Given data -
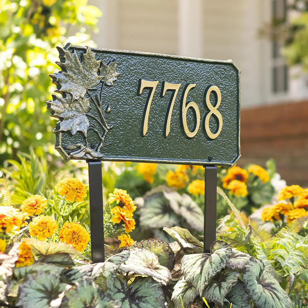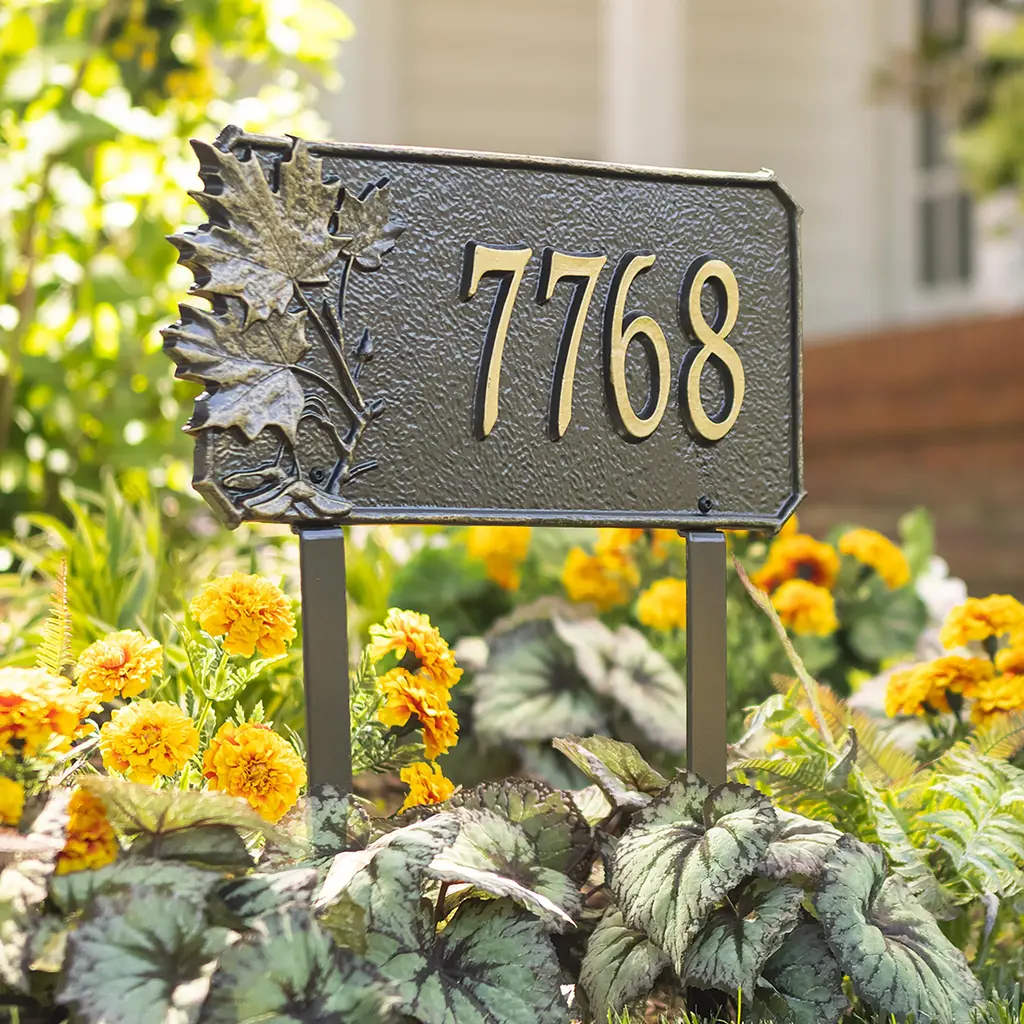 Our Natural Elements Cast Aluminum Address Plaque is the stylish and functional way to set your home apart from the rest on the block. This handsome Lawn Plaque is cast from eco-friendly, recycled aluminum with a rust-free finish that stands up to the elements. Personalized house marker makes a thoughtful wedding, housewarming or anniversary gift - or an attractive addition to your own yard and home. The designs feature branches from favorite trees for a look everyone loves. Handcrafted in Michigan, this attractive, well-made plaque is made to be used and enjoyed. It will stand up to the elements and still look good year after year. Made in USA.
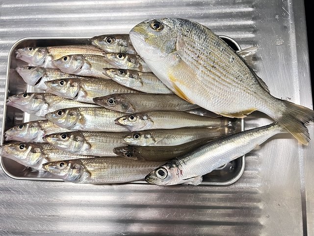 その後時合いに入り、16~20㎝くらいのキスがダブルヒットするなどの入れ食い状態、、
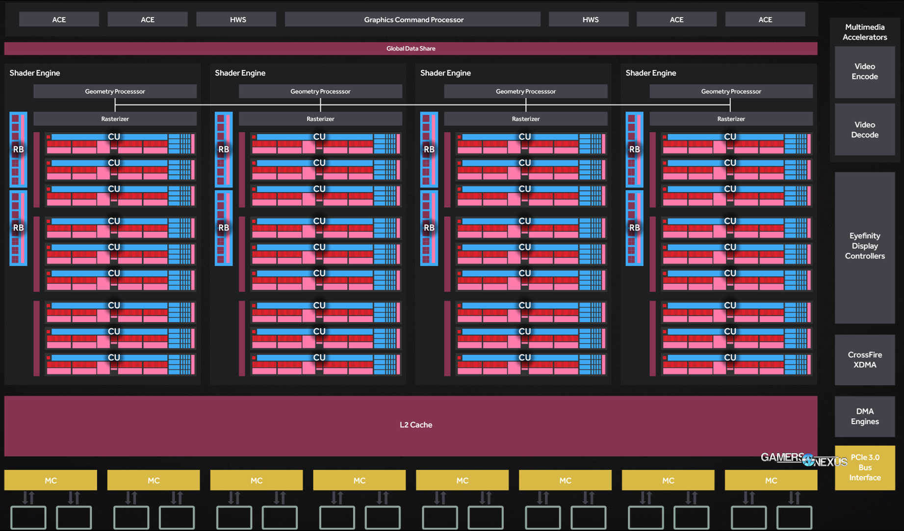 “Critically, this also has a side effect which is perhaps overlooked: Energy savings. Along with the power reduction native to smaller FinFET process nodes – moving away from planar helps tremendously – the caching system reduces power consumed by GPU memory. Delta Color Compression (DCC) and 2MB of L2 Cache work in conjunction to minimize VRAM activity, and while it is impossible for us to test something this low-level at GN, AMD tells us that power savings are upwards of 40% on memory transactions alone.”
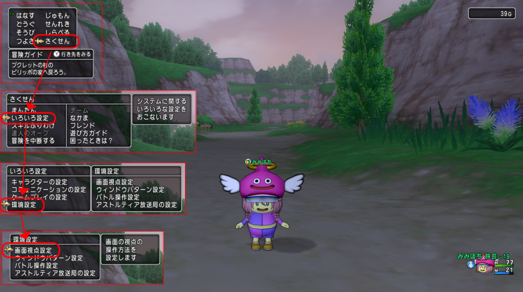 機能とはちょっと違うかもですが、ゲームが始まったら早めに「画面視点の設定」をしておくといいでしょう。
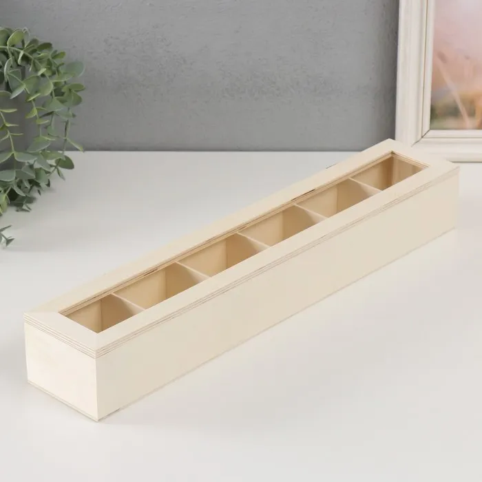 Шкатулка для росписи дерево со стеклом и делениями «Прямоугольная», для творчества, декора, без замка, 45×8.5×6.5 см

Exercise aim - Leave out the pictures. Transcribe only the lines above, from the first through the one that contains "その後時合いに入り、16~2".

Task answer -
 Our Natural Elements Cast Aluminum Address Plaque is the stylish and functional way to set your home apart from the rest on the block. This handsome Lawn Plaque is cast from eco-friendly, recycled aluminum with a rust-free finish that stands up to the elements. Personalized house marker makes a thoughtful wedding, housewarming or anniversary gift - or an attractive addition to your own yard and home. The designs feature branches from favorite trees for a look everyone loves. Handcrafted in Michigan, this attractive, well-made plaque is made to be used and enjoyed. It will stand up to the elements and still look good year after year. Made in USA.
 その後時合いに入り、16~20㎝くらいのキスがダブルヒットするなどの入れ食い状態、、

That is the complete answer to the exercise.